Sunday, December 16, 2007

The German Christmas Market




My cousin’s email said they were coming to Europe. Her professional photographer husband was shooting Christmas markets in Austrian, Czech and German cities. Was there even a remote chance we might meet up? To me it was only when and where. Checking the airlines and train schedules, led to Frankfort being the chosen place.

I stumbled on my first German Christmas Market as new bride. I had arrived in Stuttgart only the month before. My mother, over-protected me, not even allowing me to venture into Boston with people, much less alone, and I now I was wandering around a foreign city unable to speak the language.

In the square in front of Breuniger’s Department store I meandered into a fairyland of tiny chalets rich with the smells of bratwurst and glug wine. Tiny Christmas decorations, hand made gifts abounded, not that I could afford any of them. In fact that year, I used my safety pin collection along with my bright large hair rollers to fashion the only Christmas tree would have.
I’ve spent many Christmases with these cousins in Augsburg, Boston and Garmish where the living room window looked over the Olympic ski slope and a walk up the mountain was a rule for apfel strudel as we waited for the turkey to cook.

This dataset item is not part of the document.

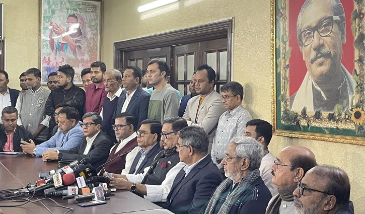 আওয়ামী লীগ এবং দলের স্বতন্ত্র প্রার্থীরা কোনো ধরনের সহিংসতায় জড়িয়ে আইন ভাঙলে নির্বাচন কমিশন ‘যুক্তিযুক্ত’ যে আইনি পদক্ষেপ নেবে, তাতে দলের সায় আছে বলে জানিয়েছেন আওয়ামী লীগের সাধারণ সম্পাদক ওবায়দুল কাদের। রোববার (২৪ ডিসেম্বর) রাজধানীর ধানমন্ডিতে আওয়ামী লীগ সভাপতির রাজনৈতিক কার্যালয়ে সংবাদ সম্মেলনে তিনি বলেন, ‘ আমরা শান্তিপূর্ণ নির্বাচন চাই। নির্বাচনকে নিয়ে বা ঘিরে কোনো সহিংসতা চাই না। একটা ভায়োলেন্স ফ্রি পিসফুল নির্বাচন শেখ হাসিনা আমাদের নেত্রী তিনি সেটা নিজেই বারবার বলছেন। ‘আওয়ামী লীগের প্রার্থী কিংবা কোনো প্রার্থী সহযোগী সহিংসতায় যদি জড়ায়, সে ব্যাপারে নির্বাচন কমিশন যে আইনগত ব্যবস্থা নেবে আমরা সমর্থন করি। কোনো প্রকার নির্বাচন বিরোধী সহিংস কর্মকাণ্ড আমরা সমর্থন বা প্রশ্রয় দেবো না।’ তিনি বলেন, আওয়ামী লীগের প্রার্থীর পাশাপাশি স্বতন্ত্র প্রার্থী যারা হয়েছেন, এরা আমাদের দলের নেতাকর্মী, তাদেরকেও প্রতিদ্বন্দ্বী হিসেবে ভাবতে হবে এবং কোনো প্রকার পক্ষপাত আর কোনো প্রকার বৈরী মনোভব প্রদর্শন যেটা সমর্থনযোগ্য নয়। আইন তার নিজস্ব গতিতে চলবে। ‘এখানে যারাই নির্বাচন বিরোধী কোনো প্রকার সহিংসতা তৎপরতা করবে, তারা যেই হোক যারাই হোক কারো ব্যাপারে পক্ষপাতের কোনো সুযোগ নেই। আইন ভঙ্গ করলে আইনগত ব্যবস্থা নেওয়া হবে। নির্বাচন কমিশন যে ব্যবস্থা নেবে আমরা আগেই বলেছি তাদের যুক্তিযুক্ত যেকোনো ব্যবস্থা আমরা সমর্থন দেবো।’ বিএনপির অসহযোগ আন্দোলনের সমালোচনা করে আওয়ামী লীগের সাধারণ সম্পাদক বলেন, যারা নির্বাচন বর্জনের ডাক দিয়েছেন, দেশের জনগণ তাদের বর্জন করা শুরু করেছে। খাজনা দেবে না, ট্যাক্স দেবে না, ইউটিলিটি বিল দেবে না, এই ধরনের উদ্ভট কথা হাস্যকর। দেশ কি আরেকবার স্বাধীন হচ্ছে? এটা কি বঙ্গবন্ধুর অসহযোগ? কি দুঃসাহস! মাথা খারাপ হয়ে গেছে এদের। ‘নির্বাচন করলেও ব্যর্থ, আন্দোলন করে ব্যর্থ; এখন তাদের সামনে আর কি আছে? তারা এই নির্বাচন বর্জন করার মধ্য দিয়ে তাদের রাজনৈতিক অস্তিত্ব আরো সংকুচিত হবে ভবিষ্যতে, অনিশ্চয়তা বাড়বে এবং নেগেটিভ রাজনীতির জন্য তারা সন্ত্রাসের পথ বেছে নিয়েছে। এই রাজনীতি আর গণতন্ত্র বিপরীতমুখী’, বলেন ওবায়দুল কাদের। তিনি বলেন, বিল না দিলে সব ধরনের লাইন কেটে যাবে সোজা কথা। খাজনা ট্যাক্স না দিলে শাস্তি পেতে হবে। অসহযোগ বলবেন, ব্যাংকের সাথে লেনদেন না করতে দলের লোকদের বলছেন। আপনাদের অনেকেই আঙ্গুল ফুলে কলাগাছ। আগেই হয়ে গেছে। এদের অনেকের ব্যাংকে লেনদেন আছে। তারা তারেক রহমানকের ডাক শুনতে গেলে তাদের নিজেদেরই সব যাবে। আমও যাবে, ছালাও যাবে। কাজেই তারেকের যাকে তারা সাড়া দেবে এমনটা মনে করার কোনো কারণ নেই। তারেক রহমানকে রাজপ

We wandered to Romer Platz where Goethe, if he were alive today, might recognize the buildings (even if they have been reconstructed since they were destroyed during WWII, because the town fathers still had the original plans).

All the old familiar smells of bratwurst and glug wine were there along with popcorn and the caramelly scent of cotton candy, but tacos were also on the menu, certainly a new item. A moose head adorned one chalet roof. His mouth moved as he sang in German Have a holly jolly Christmas.

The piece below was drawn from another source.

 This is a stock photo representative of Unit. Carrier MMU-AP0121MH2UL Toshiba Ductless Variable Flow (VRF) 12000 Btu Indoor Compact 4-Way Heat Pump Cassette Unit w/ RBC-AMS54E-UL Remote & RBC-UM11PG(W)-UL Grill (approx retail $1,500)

The delicate decorations, the gingerbread hearts, music, carousels all brought memories. Since this was my cousins’ seventh market in two weeks, they were almost marketed out, but as they said, each market has its own ambience.

At one point, chilled, we broke for lunch, a mushroom soup and hot apfelwine, more conversation sitting on benches along long wooden tables. The restaurant could have been a scene from any movie but rather it was a walk down memory lane as well as creating new memories.